## Task instructions
What are the lines below, starting at the line containing "Het perceel waarop" and ending at the line containing "WallClassics - Hout"? Write them out exactly, ends included, without pictures.

## Records provided

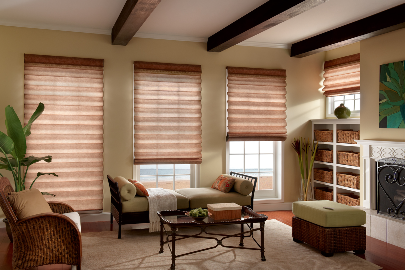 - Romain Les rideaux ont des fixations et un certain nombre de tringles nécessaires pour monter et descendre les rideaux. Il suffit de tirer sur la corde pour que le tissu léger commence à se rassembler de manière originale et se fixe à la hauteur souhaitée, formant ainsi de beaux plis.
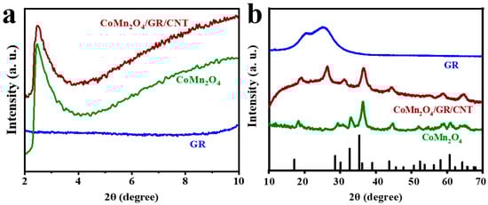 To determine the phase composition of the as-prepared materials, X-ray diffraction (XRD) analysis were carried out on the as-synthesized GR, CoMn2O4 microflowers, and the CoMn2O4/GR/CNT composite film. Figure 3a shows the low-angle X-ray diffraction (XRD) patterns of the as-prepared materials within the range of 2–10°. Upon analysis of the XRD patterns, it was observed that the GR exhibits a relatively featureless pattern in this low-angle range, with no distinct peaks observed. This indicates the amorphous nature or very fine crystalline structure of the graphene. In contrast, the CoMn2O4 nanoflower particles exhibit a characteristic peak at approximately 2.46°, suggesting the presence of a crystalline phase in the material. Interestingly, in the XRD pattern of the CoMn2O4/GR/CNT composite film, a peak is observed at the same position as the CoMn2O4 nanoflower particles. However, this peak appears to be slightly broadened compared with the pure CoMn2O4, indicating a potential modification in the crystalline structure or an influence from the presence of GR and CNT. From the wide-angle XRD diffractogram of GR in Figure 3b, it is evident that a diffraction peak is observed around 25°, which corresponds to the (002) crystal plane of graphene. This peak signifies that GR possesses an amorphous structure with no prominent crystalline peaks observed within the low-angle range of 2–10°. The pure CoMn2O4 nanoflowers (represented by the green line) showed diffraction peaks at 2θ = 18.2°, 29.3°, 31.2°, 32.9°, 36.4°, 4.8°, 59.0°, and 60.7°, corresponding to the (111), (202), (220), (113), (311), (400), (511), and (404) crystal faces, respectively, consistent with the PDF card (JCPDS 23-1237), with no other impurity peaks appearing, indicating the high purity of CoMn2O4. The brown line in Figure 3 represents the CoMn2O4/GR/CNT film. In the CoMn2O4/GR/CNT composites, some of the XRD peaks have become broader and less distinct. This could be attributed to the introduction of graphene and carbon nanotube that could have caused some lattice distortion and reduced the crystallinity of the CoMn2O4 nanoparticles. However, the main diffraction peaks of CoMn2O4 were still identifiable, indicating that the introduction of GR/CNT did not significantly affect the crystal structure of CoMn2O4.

--

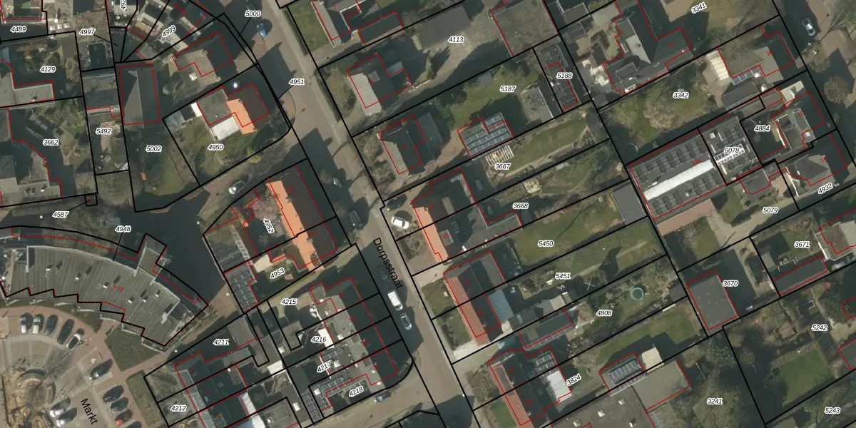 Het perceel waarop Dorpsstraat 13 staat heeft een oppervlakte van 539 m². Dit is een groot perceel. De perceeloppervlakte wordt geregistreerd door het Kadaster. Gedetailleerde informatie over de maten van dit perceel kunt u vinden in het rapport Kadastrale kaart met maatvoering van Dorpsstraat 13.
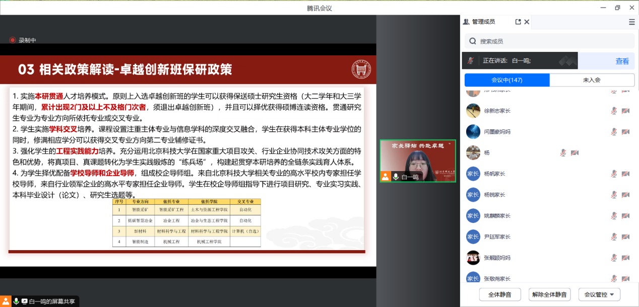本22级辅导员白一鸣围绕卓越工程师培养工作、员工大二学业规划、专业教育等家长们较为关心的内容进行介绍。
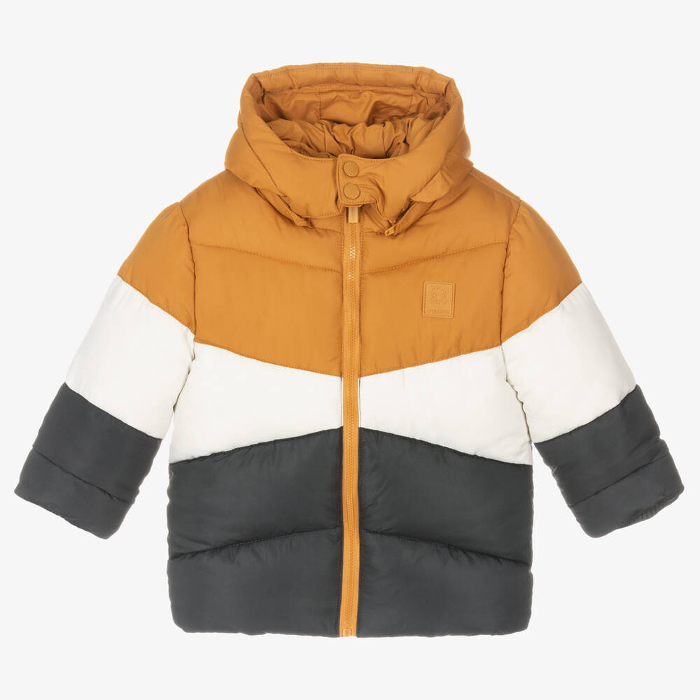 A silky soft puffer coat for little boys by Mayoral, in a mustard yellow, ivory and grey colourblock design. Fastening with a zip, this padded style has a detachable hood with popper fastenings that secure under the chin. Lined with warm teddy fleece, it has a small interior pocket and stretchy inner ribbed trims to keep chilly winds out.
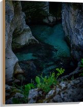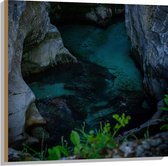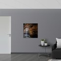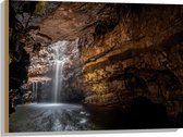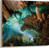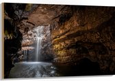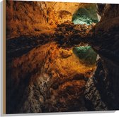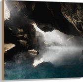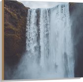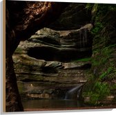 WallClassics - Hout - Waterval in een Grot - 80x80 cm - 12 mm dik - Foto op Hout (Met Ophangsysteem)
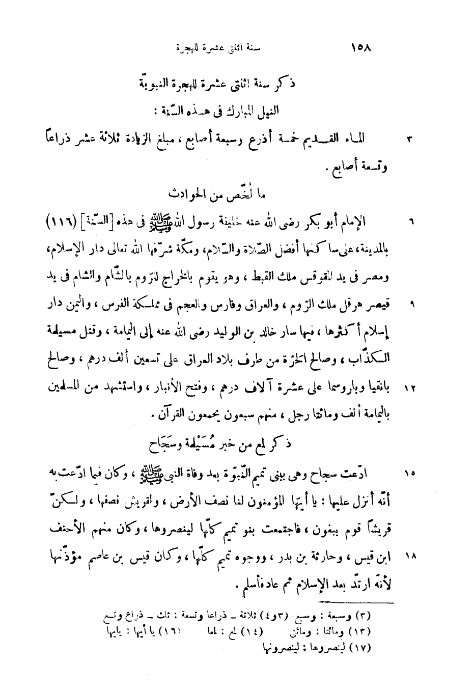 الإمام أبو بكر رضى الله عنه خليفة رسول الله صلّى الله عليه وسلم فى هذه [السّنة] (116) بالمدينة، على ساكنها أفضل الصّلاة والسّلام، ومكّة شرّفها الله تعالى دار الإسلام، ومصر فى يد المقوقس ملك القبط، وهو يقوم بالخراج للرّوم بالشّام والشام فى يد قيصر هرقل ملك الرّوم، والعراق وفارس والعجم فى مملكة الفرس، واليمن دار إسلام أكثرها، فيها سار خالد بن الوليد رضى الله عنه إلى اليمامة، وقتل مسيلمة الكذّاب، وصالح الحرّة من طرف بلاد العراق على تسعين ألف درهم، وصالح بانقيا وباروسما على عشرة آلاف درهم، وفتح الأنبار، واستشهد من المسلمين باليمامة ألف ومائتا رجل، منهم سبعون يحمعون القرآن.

...

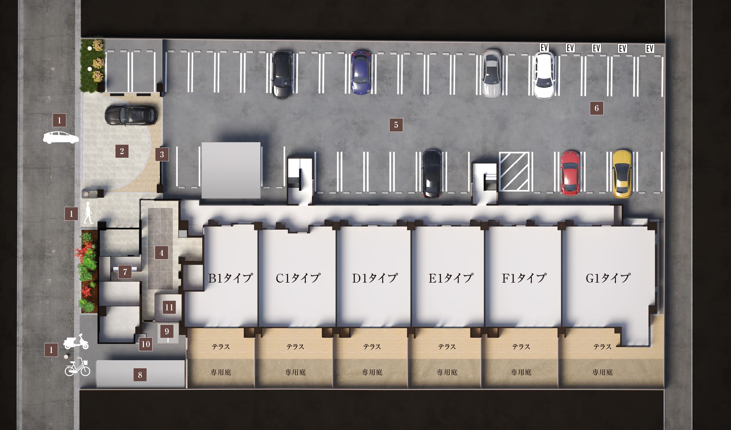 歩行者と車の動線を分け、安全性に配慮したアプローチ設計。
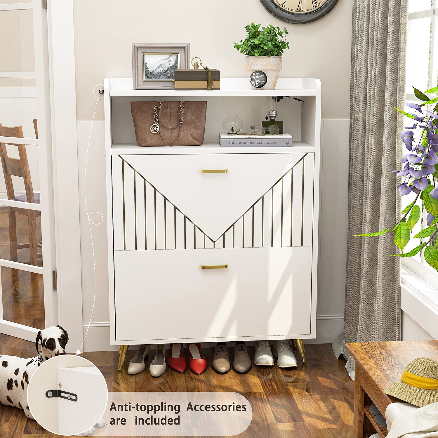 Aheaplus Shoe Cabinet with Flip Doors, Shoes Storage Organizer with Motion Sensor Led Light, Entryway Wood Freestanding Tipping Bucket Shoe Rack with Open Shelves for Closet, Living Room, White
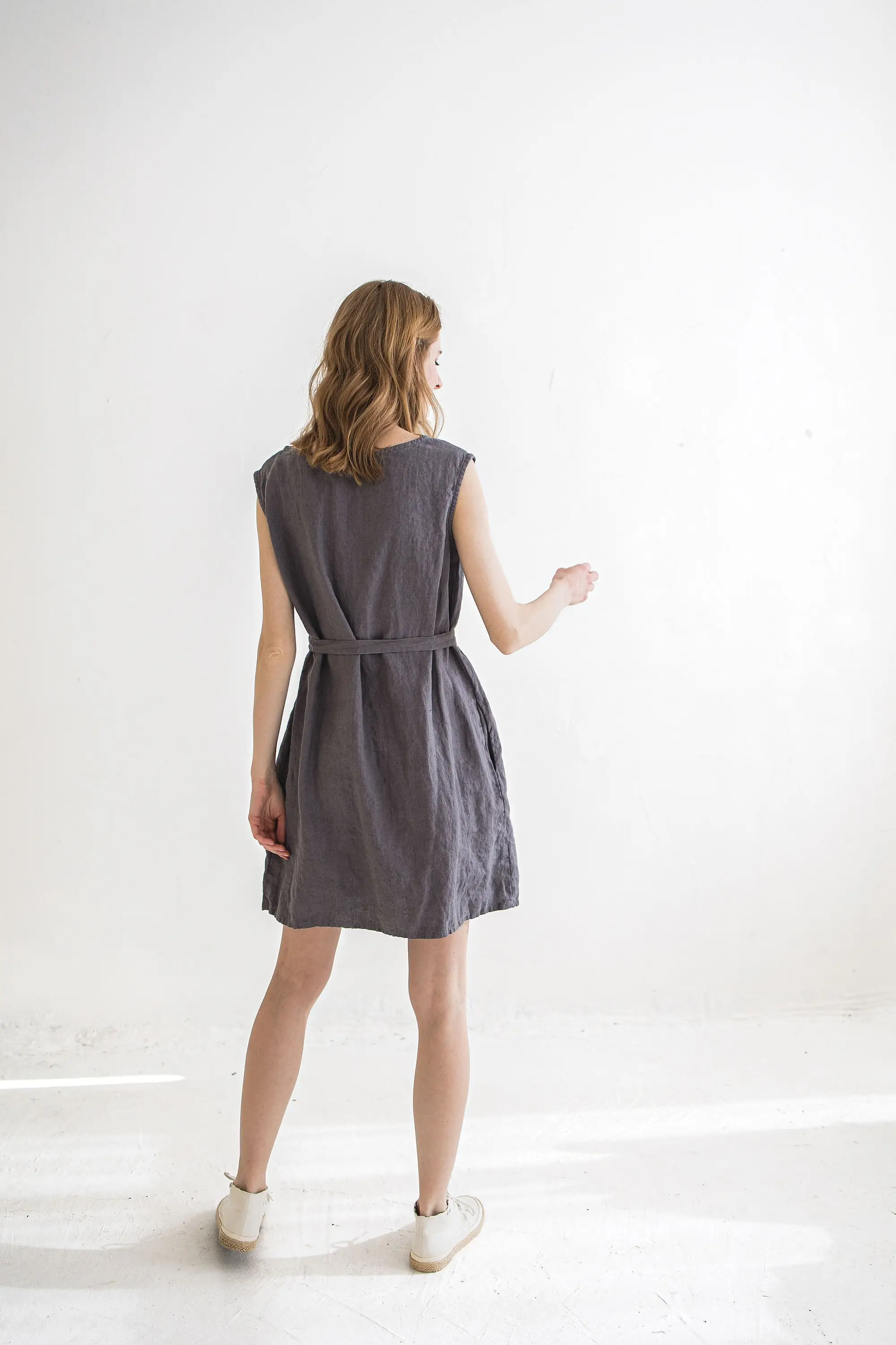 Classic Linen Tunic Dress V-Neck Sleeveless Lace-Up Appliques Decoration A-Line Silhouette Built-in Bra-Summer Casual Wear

## Response box
 Het perceel waarop Dorpsstraat 13 staat heeft een oppervlakte van 539 m². Dit is een groot perceel. De perceeloppervlakte wordt geregistreerd door het Kadaster. Gedetailleerde informatie over de maten van dit perceel kunt u vinden in het rapport Kadastrale kaart met maatvoering van Dorpsstraat 13.
本22级辅导员白一鸣围绕卓越工程师培养工作、员工大二学业规划、专业教育等家长们较为关心的内容进行介绍。
 A silky soft puffer coat for little boys by Mayoral, in a mustard yellow, ivory and grey colourblock design. Fastening with a zip, this padded style has a detachable hood with popper fastenings that secure under the chin. Lined with warm teddy fleece, it has a small interior pocket and stretchy inner ribbed trims to keep chilly winds out.
 WallClassics - Hout - Waterval in een Grot - 80x80 cm - 12 mm dik - Foto op Hout (Met Ophangsysteem)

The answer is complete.